Real Statistics Functions: As we
saw in Example 2, QR Factorization can be used to solve a system of
linear equations. The approach described above can be extended to invert
a matrix. The Real Statistics Resource Pack provides the following two
supplemental functions to automate these processes.
QRSolve(R1, R2) – assuming R1 is an m × n range describing matrix A and R2 is an m × 1 range describing the column vector C, QRSolve outputs an n × 1 column vector X containing the solution to AX = C
QRInverse(R1) = inverse of the matrix described by range R1 (assumes that R1 is a square matrix)
Observation: Referring to Figure 1, QRSolve(U4:W7, X4:X7) would output the result described in AB4:AB7.

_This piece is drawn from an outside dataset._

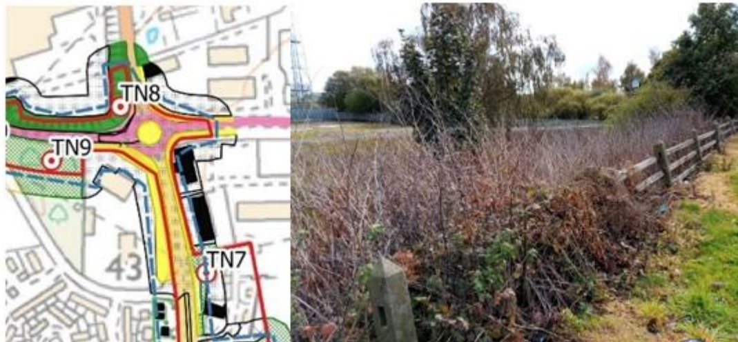
Figure I2: Location (TN7) and photograph of Japanese knotweed within Order Limits

Example 6: Find the inverse of the matrix in range W18:Y20 of Figure 8 using QRInverse.
Figure 8 – Matrix inversion using QR Factorization
Using QRInverse(W18:Y20), you obtain the
results shown in range AA18:AC20. This is the same result as obtained
using MINVERSE(W18:Y20).
Real Statistics Data Analysis Tool: The
Matrix data analysis tool contains a
QR Factorization option that computes the QR factorization of the matrix in the Input Range. See Figure 3 of
Matrix Operations for an example of the use of this tool.